SINGAPORE - It was a "scoop" of sorts for 33-year-old news reporter Mok Lee Kwang when he wrote about his hopes for Mr Lee Kuan Yew, a week after the young lawyer was sworn in as Singapore's first prime minister, following the People's Action Party's landslide victory in the 1959 legislative assembly elections.
In the article titled "The Prime Minister Lee Kuan Yew I Know", published in the now-defunct Chinese daily, Nanyang Siang Pau, he revealed, among other things, that he had taught Mr Lee Chinese.
He said how impressed he was to see the politician rise from "not speaking a word of Mandarin to addressing thousands in the language at rallies; from a lawyer fresh out of Cambridge to becoming Singapore's top legal eagle and from a champion of workers as their unions' adviser to becoming Singapore's first prime minister".
He concluded: "Mr Lee is only 36 years old and his future is like that of the rising sun. I wish he will continue to serve the people and be loved by all forever!"
Today, China-born Mr Mok, who came here with his grandmother from Guangdong province when he was 11, is 87 and frail.

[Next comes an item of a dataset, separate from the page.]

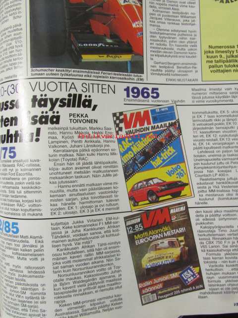 Vauhdin Maailma 1995 nr 12 -mm. Formula 1 Suzuka ja Adeleide GP:t, Ralli-MM RAC ja Katalonia, Team Lotus historia osa 2, Formula Ford Festival, Keke Rosberg, Olds Aurora, Citroen Xantia turbo 16v, Craig Breedhoven äänivallimurtaja, Metanoli ahdettu siipi, Drag-MM finaali Pomona, Turun Supercross, Colin MCRae, Pariisin MP-näyttely, Erkki Vanhanen, Elämäni kisa Kalevi Vehkonen.21 x 29 cm.

He spent nearly 40 years in journalism, retiring in 1987 as chief editor of Lianhe Zaobao, the morning daily formed by the merger of Nanyang Siang Pau and Sin Chew Jit Poh in 1982.
Mr Mok's admiration for Singapore's Mr Lee would be among the topics discussed at a public forum on the retired journalist's life and work at the Chui Huay Lim Club on Sunday afternoon.

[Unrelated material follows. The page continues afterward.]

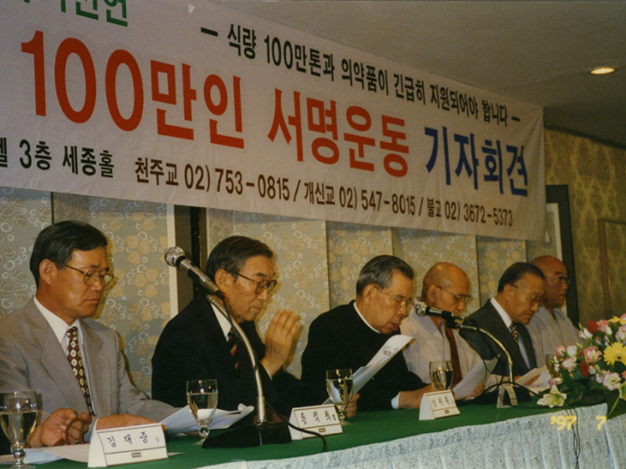 민족화해를 위한 북한동포돕기 100만인 서명운동" 기자회견

Two former journalists who worked under him, lawyer Ung Gim Sei, 74, a former chief of the Chinese Newspapers' Division at Singapore Press Holdings, and former Lianhe Zaobao reporter Chen Ting, 56, are among four speakers at the forum organised by the Teochew social club.
The others are retired bank manager and writer Tan Suan Poh, 71, who is president of the Tropical Literature and Art Club, and Mr Mok's son, architect Mok Wei Wei, 56, who will talk about his father as a family man.